WORK ITEM -> Return the records from the first line through the line containing "This curly boho", and leave out the pictures.
(Beginning of PROVIDED INFORMATION)
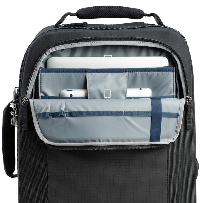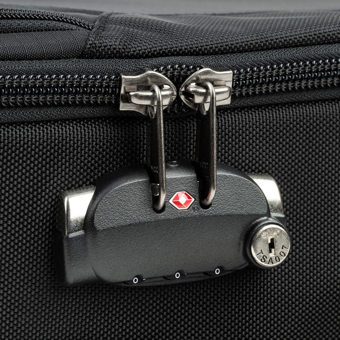 The bag’s exterior is made from tough, water-repellent ballistic nylon and reinforced in all the right places. It’s designed to handle the bumps and scrapes of travel, and the wheels are user-replaceable for long-term use. Add in the rain cover, and you’re ready for anything the journey throws at you.
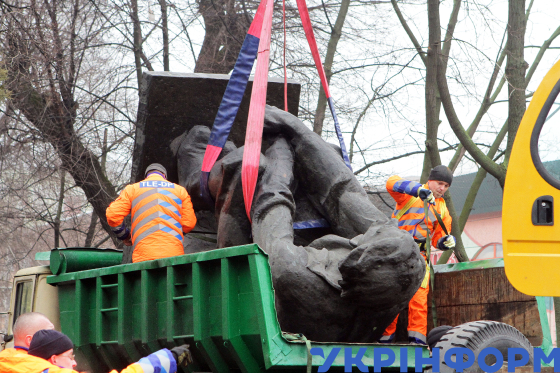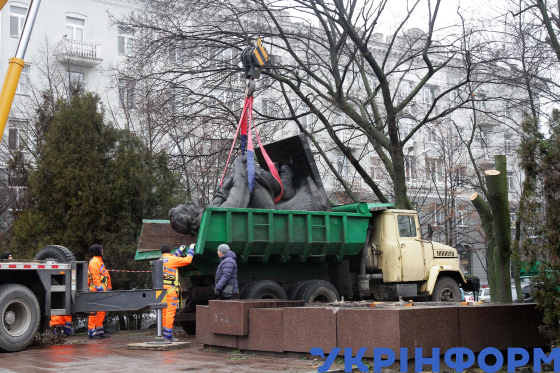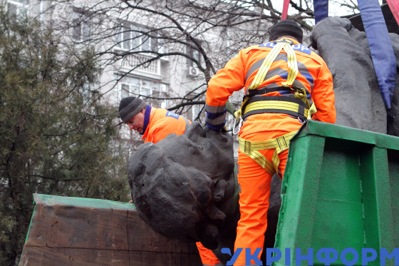 Працівники комунальної служби за допомогою автокрана завантажують демонтований на виконання рішення виконкому Дніпровської міської ради в межах дерусифікації та декомунізації топонімів, пов’язаних із країною-терористом рф, пам’ятник радянському письменнику Максиму Горькому в кузов самоскиду на вулиці Княгині Ольги, Дніпро, 26 грудня 2022 року.
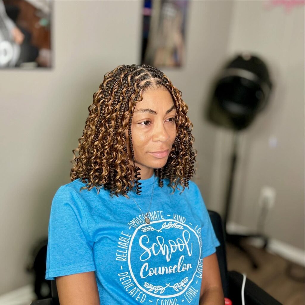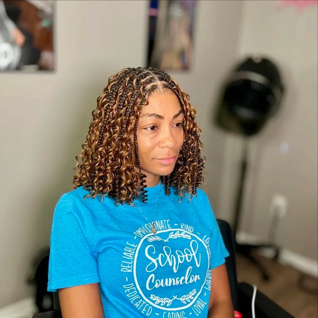 This curly boho box braid bob combines traditional braiding with loose, defined curls for a textured and carefree vibe. The braids are medium-sized and fall into a full, shoulder-grazing bob. Golden brown highlights woven throughout add warmth and depth to the style.
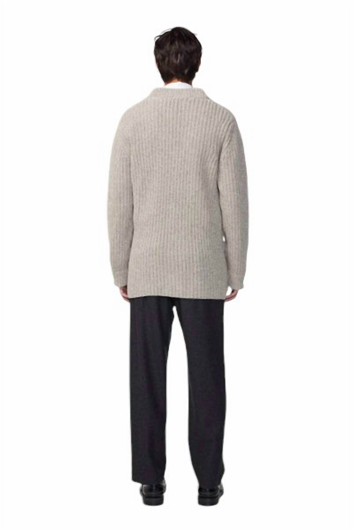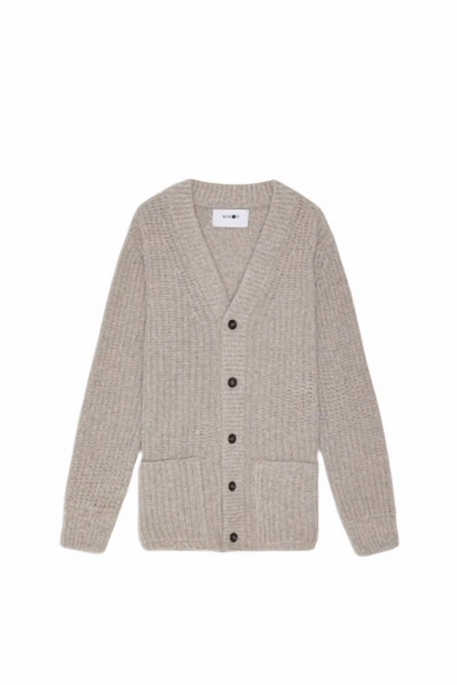 Chunky ribbed v-neck cardigan knit in recycled wool blend. Designed for a slightly oversized fit. Topped with earthhorn buttons and dual patch pockets. Relaxed fit. 70% Recycled wool 25% Recycled Polyamide 5% Other fibers. Made in Tunisia.
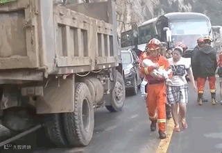 17日,北京密云突降暴雨致部分道路塌方,大批游客被困,消防员到场营救103人。一名消防员小心翼翼地抱出一名婴儿,你被暖到了吗?
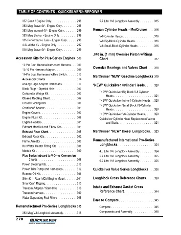 Power Trim Pump and Harnesses. . . . . . . 312 Quicksilver Value Series Longblocks. . . 326
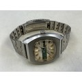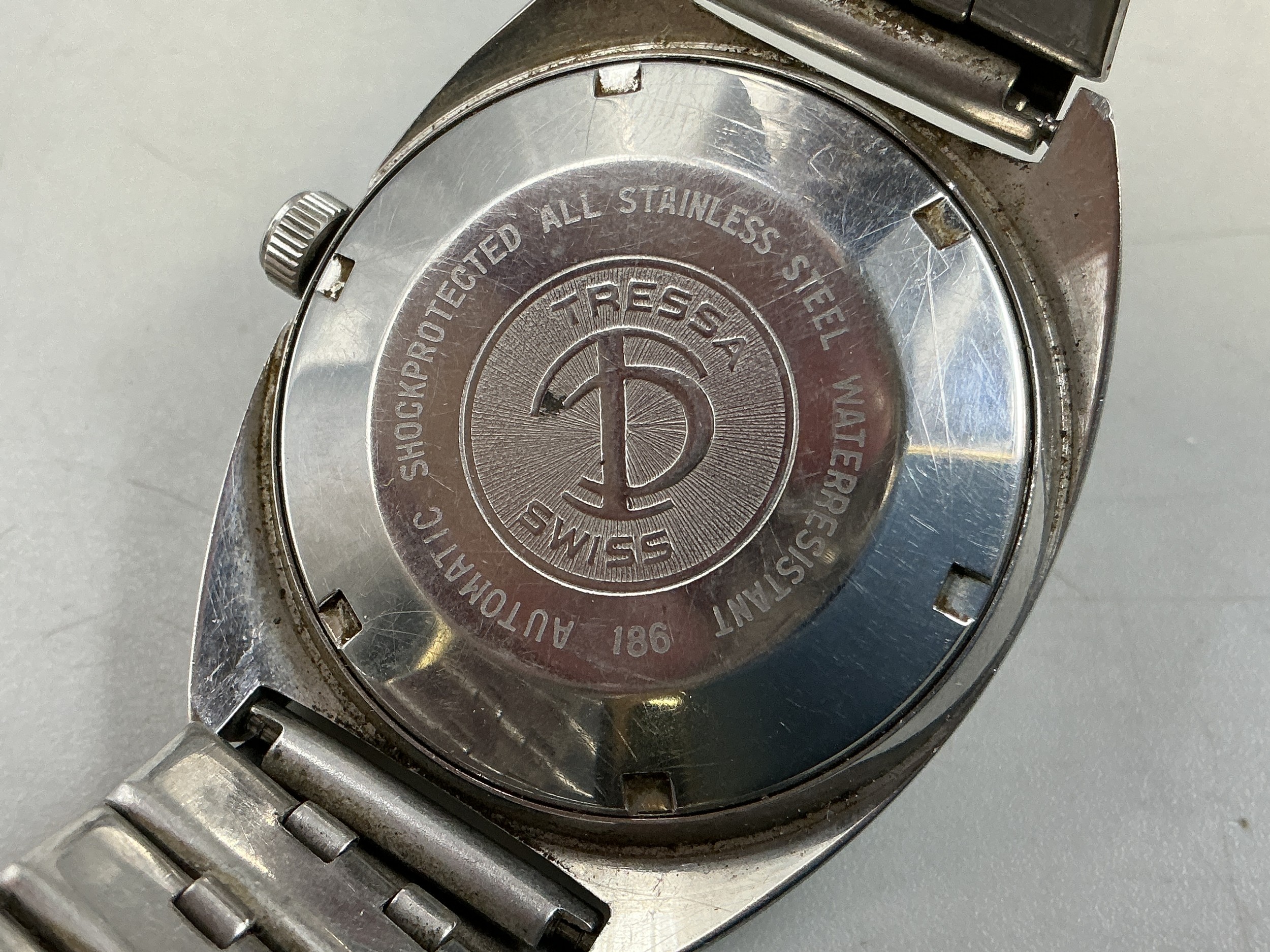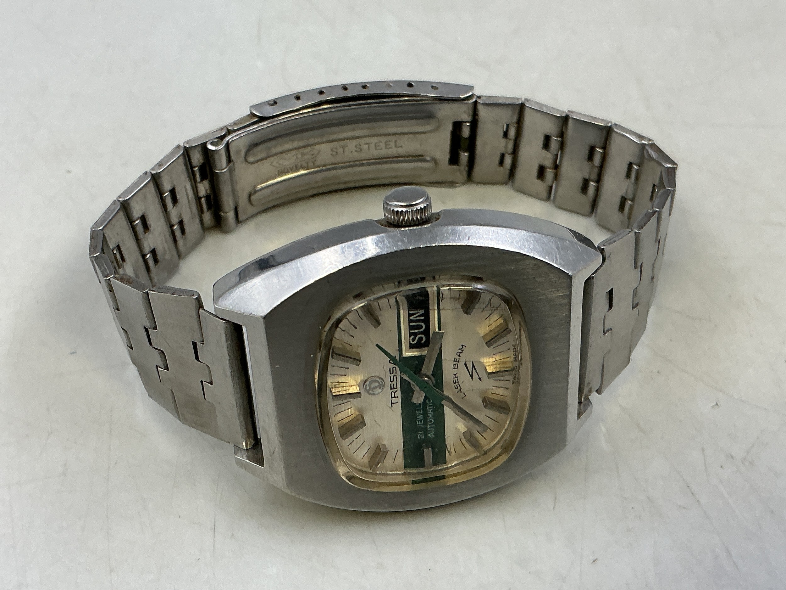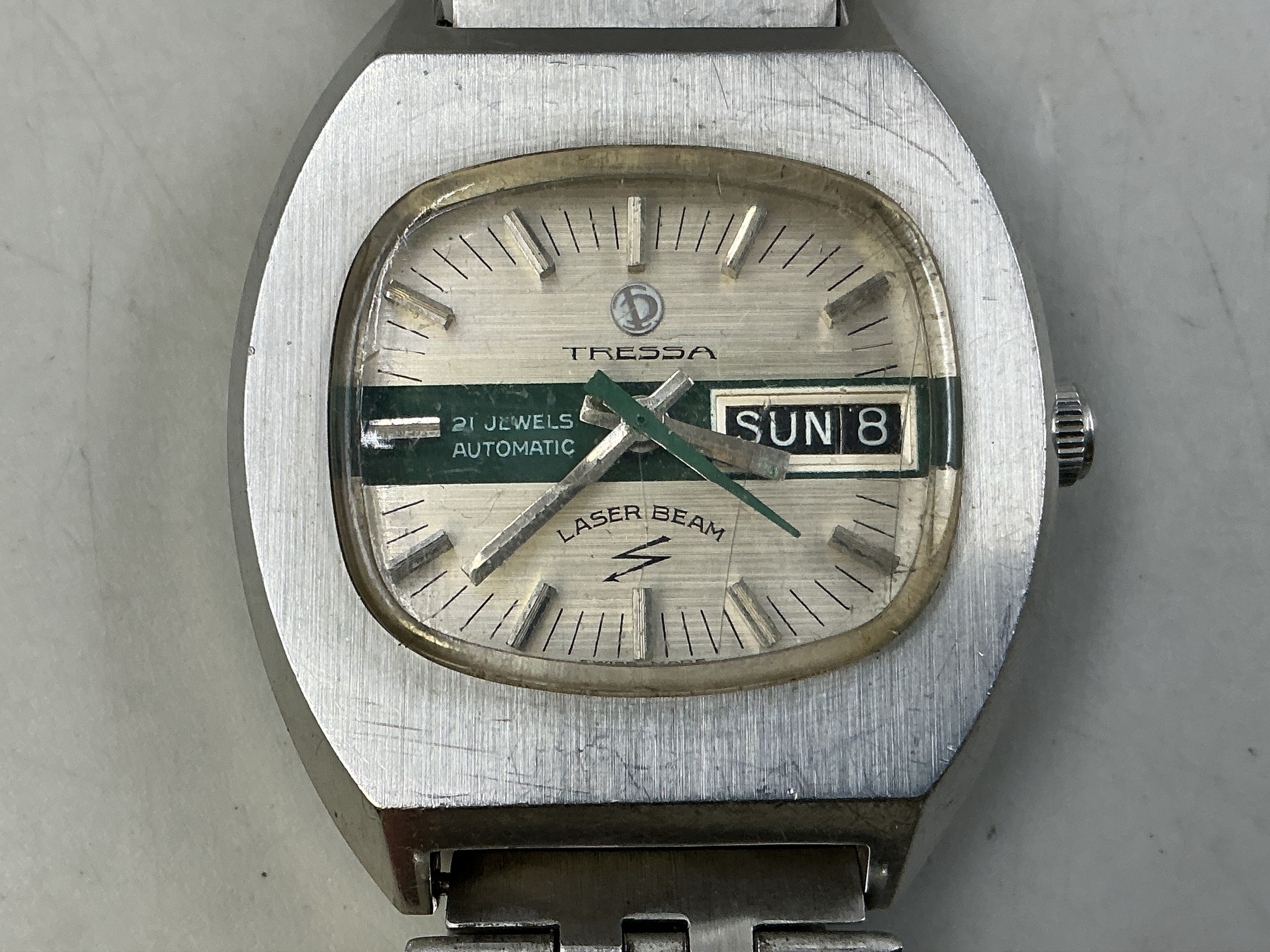 A Vintage Gents Tressa Lazer Beam 21 Jewels Automatic Day/Date Watch - Green Striped TV Dial, Stainless Steel Case and Strap. Working
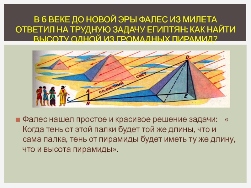 Фалес нашел простое и красивое решение задачи: « Когда тень от этой палки будет той же длины, что и сама палка, тень от пирамиды будет иметь ту же длину, что и высота пирамиды».
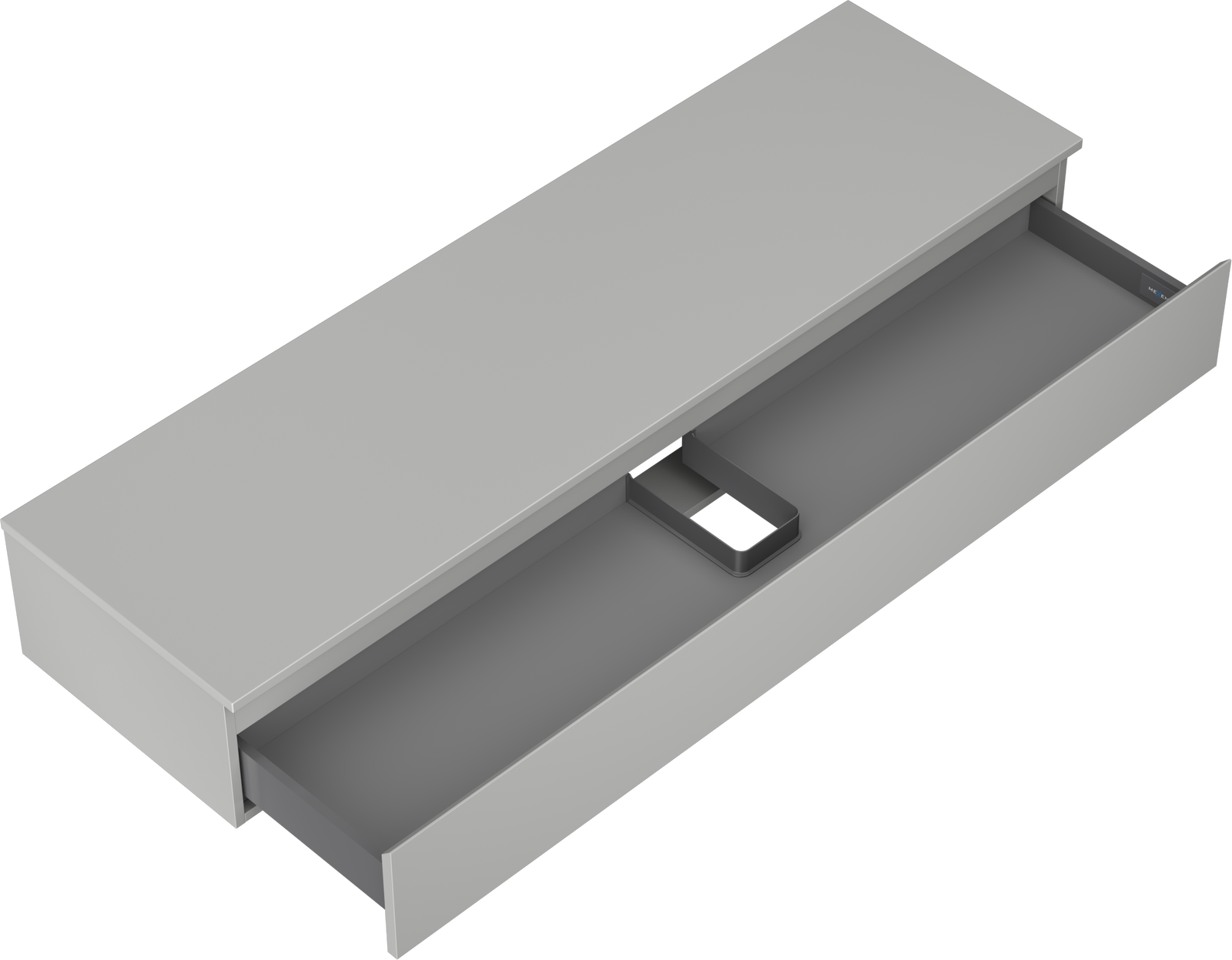 Decupajul în sertar este proiectat în așa fel încât să acomodeze sifonul, care este esențial în instalațiile de lavoare. Datorită acestui fapt, mobila poate fi montată complet funcțională, fără a fi necesară renunțarea la spațiul din sertar în favoarea instalației.
(End of PROVIDED INFORMATION)
THE COMPLETED TASK ->
 The bag’s exterior is made from tough, water-repellent ballistic nylon and reinforced in all the right places. It’s designed to handle the bumps and scrapes of travel, and the wheels are user-replaceable for long-term use. Add in the rain cover, and you’re ready for anything the journey throws at you.
 Працівники комунальної служби за допомогою автокрана завантажують демонтований на виконання рішення виконкому Дніпровської міської ради в межах дерусифікації та декомунізації топонімів, пов’язаних із країною-терористом рф, пам’ятник радянському письменнику Максиму Горькому в кузов самоскиду на вулиці Княгині Ольги, Дніпро, 26 грудня 2022 року.
 This curly boho box braid bob combines traditional braiding with loose, defined curls for a textured and carefree vibe. The braids are medium-sized and fall into a full, shoulder-grazing bob. Golden brown highlights woven throughout add warmth and depth to the style.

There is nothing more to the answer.